Wait until the soil is sufficiently warm before planting. Seeds generally germinate poorly in cold wet soils. In addition, transplants will fail to thrive unless the weather is sufficiently warm. All melons are particularly susceptible to frost.

One way to warm the soil up earlier is to apply plastic or fabric mulch several weeks prior to planting time. Holes should be cut for the plants or seeds at planting time.

For best results, the soil should be just moist to the touch at planting time. For direct sowing, wait until the ground is 70 to 75 degrees Fahrenheit. Generally, most melon seeds should be planted ¼ to ½ inch deep. The exception is watermelon seeds, which should be sown ½ to an inch deep, depending on soil type.

Plant three seeds per hill or planting hole. Later, thin to one, leaving the strongest plant in place.

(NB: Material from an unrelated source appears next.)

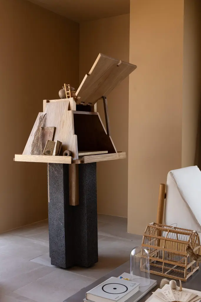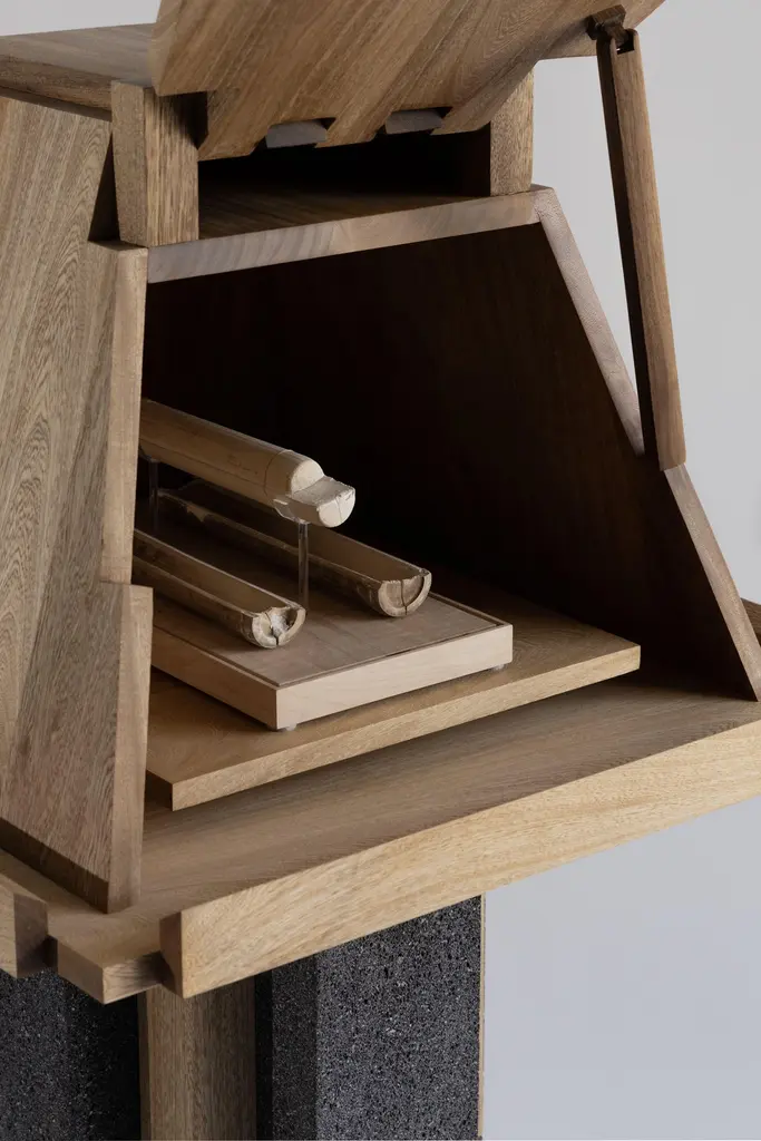 Rito is inspired by the lectern, one of the most representative pieces of ecclesiastical furniture from churches of the 15th century. These finely decorated stands were used to hold choral scores, but after the invention of the printing press and the subsequent reproduction of individual books, the use of lecterns declined. In the 1940s, the Mexican architect Luis Barragán revisited the idea of the lectern, treating it as animportant element of his home and studio in Mexico City. Rito bears a similarly intimate inspiration, seeking to generate a dialogue between the private and the sacred. Its volcanic stone base and wooden pyramid-shaped body refer to volcanoes and pre-Hispanic Mexican constructions. The four sides of the piece invite you to place images on them and create your own visual sanctuaries of personal iconography. Rito was created using traditional carpentry techniques, giving way to unique interior spaces. When you open one of its sides, you’ll reveal an altar-like base, where you can store precious objects. The interplay between heavy stone and lightweight wood, as well as between shapes, give Rito sculptural and architectural qualities. Rito fuses pre-Hispanic heritage and the sacredness of the intimate sphere of the home in a contemplative object that solemnly transforms a space.
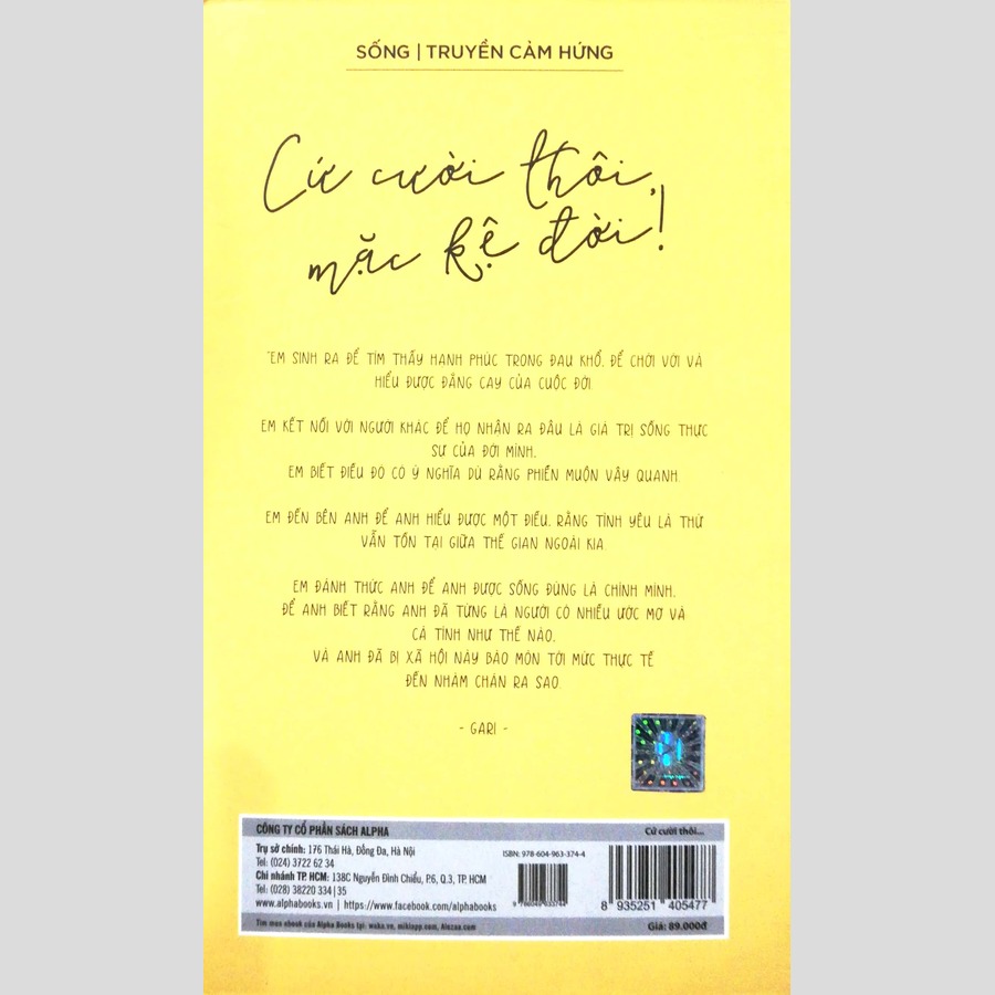 Có thể mọi cuộc tình đều có kết thúc có hậu cũng có thể dở dang, và khi tình yêu dở dang thì người ở lại bao giờ cũng là người buồn lâu hơn cả. Chúng ta rồi ai cũng phải vượt qua nỗi buồn đó để trưởng thành hơn, yêu bản thân nhiều hơn. Tác giả Gari qua Cứ cười thôi, mặc kệ đời ! dường như đang muốn nhắn nhủ những ai đã thất bại trong tình yêu rằng: Có thể bạn không là ai cả, nhưng không có nghĩa bạn chẳng là gì cả. Hãy cứ cười lên và yêu lấy chính mình, mặc kệ ngoài kia dông bão…

For melons, the spacing varies according to the variety being grown. Large varieties need lots of space—sometimes as much as ten feet in all directions. The medium sized and small bush-type varieties can be spaced six to eight feet in rows that are three to four feet apart or in hills with two or three seeds per hill. Muskmelons are generally planted 1 to 1½ feet apart in rows that are five to six feet apart.

For watermelons, allow around 36 to 100 square foot of space per hill for each plant. If planting in rows, allow six to eight feet between rows.

Before sowing the seeds or planting transplants, prepare the planting hole by adding a balanced fertilizer to the soil. Rotted manure, compost, or other similar soil amendment can also be applied before planting.

Gardeners in zone six or warmer can direct sow melons. This can be done a week or so after the last frost date. But, this does depend upon on how quickly the soil warms up in the spring. Those in cold climates can start seeds early indoors several weeks before the date of the average last frost. Another option
is to purchase transplants.

Start the seeds in peat pellets or peat pots or some other container where the roots won’t be disturbed during transplanting. Place three seeds in each pot, later thinning by snipping the two weakest plants off at the soil surface. The seedlings will grow best at 80 degrees Fahrenheit or higher. Never allow the potting soil to dry out.

Although it isn’t commonly done, melons can be grown on trellises or other support. This is a space saving option for small gardens. Suitable varieties include Granny or Queen Anne Pock muskmelon.

The germination time for melons is generally pretty fast. Sometimes, it only takes three to four days.